== Segment start ==
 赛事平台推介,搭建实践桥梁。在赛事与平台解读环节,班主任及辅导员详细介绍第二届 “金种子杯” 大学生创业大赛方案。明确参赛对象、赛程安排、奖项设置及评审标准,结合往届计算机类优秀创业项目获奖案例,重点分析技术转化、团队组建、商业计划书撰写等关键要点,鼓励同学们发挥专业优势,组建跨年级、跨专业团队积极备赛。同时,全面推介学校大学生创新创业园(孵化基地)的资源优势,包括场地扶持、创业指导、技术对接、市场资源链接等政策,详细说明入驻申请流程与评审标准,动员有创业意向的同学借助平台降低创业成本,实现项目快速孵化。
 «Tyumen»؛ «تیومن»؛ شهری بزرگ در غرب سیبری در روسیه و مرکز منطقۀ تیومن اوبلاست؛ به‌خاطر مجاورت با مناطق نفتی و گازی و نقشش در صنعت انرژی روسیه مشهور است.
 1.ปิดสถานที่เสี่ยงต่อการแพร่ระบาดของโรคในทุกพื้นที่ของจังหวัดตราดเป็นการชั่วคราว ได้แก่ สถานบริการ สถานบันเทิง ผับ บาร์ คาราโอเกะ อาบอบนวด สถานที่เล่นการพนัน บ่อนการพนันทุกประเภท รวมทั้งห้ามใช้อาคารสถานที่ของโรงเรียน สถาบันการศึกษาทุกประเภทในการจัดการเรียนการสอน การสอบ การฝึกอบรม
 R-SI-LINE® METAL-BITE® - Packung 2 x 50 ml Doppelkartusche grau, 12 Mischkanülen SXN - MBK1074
== Segment end ==
== Segment start ==
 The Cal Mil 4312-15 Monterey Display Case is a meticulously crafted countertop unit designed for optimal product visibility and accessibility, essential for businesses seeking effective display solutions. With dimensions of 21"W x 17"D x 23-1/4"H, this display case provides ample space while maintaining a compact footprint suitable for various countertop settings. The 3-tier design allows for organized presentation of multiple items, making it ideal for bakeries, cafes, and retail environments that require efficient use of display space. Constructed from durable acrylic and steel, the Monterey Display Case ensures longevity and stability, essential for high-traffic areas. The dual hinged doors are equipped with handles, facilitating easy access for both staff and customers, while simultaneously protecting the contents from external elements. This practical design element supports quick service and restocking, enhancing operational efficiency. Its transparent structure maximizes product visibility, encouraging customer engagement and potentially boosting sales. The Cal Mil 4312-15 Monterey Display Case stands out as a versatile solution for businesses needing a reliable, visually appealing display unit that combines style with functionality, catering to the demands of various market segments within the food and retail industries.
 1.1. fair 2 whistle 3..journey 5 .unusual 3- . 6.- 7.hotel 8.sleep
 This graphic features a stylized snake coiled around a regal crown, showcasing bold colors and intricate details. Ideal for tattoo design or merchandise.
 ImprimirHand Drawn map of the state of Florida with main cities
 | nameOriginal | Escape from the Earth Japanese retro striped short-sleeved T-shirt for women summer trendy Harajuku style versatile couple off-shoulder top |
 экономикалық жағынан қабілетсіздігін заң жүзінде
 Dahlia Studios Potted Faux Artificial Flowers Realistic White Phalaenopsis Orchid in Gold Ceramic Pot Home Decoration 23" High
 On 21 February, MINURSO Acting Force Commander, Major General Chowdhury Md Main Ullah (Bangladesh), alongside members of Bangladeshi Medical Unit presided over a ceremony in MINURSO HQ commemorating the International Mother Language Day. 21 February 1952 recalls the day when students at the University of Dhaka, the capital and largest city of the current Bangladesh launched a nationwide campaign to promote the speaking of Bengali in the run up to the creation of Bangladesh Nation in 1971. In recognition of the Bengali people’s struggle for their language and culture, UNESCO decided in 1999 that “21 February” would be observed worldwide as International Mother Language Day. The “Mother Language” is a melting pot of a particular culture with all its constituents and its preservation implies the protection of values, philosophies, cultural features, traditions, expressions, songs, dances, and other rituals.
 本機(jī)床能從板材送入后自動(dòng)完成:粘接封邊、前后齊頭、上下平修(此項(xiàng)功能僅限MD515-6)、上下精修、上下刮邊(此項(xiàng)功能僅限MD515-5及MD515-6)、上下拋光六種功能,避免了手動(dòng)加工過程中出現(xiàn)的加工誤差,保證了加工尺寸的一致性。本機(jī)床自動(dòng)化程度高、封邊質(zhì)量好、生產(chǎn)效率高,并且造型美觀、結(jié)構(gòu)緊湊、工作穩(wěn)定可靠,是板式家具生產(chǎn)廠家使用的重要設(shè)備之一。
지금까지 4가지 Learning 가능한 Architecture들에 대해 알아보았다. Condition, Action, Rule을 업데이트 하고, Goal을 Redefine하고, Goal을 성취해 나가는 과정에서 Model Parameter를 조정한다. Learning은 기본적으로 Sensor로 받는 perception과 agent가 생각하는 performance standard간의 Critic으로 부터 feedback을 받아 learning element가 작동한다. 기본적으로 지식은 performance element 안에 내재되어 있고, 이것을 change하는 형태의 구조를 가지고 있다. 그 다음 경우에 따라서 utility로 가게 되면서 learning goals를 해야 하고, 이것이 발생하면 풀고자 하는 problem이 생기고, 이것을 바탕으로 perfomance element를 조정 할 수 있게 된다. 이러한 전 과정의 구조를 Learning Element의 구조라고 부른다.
== Segment end ==
- **What you are asked to do**
All lines above from the one holding "This graphic features" to the one holding "ImprimirHand Drawn map", inclusive, are to be copied exactly; no other line is wanted.

- **Finished exercise**
 This graphic features a stylized snake coiled around a regal crown, showcasing bold colors and intricate details. Ideal for tattoo design or merchandise.
 ImprimirHand Drawn map of the state of Florida with main cities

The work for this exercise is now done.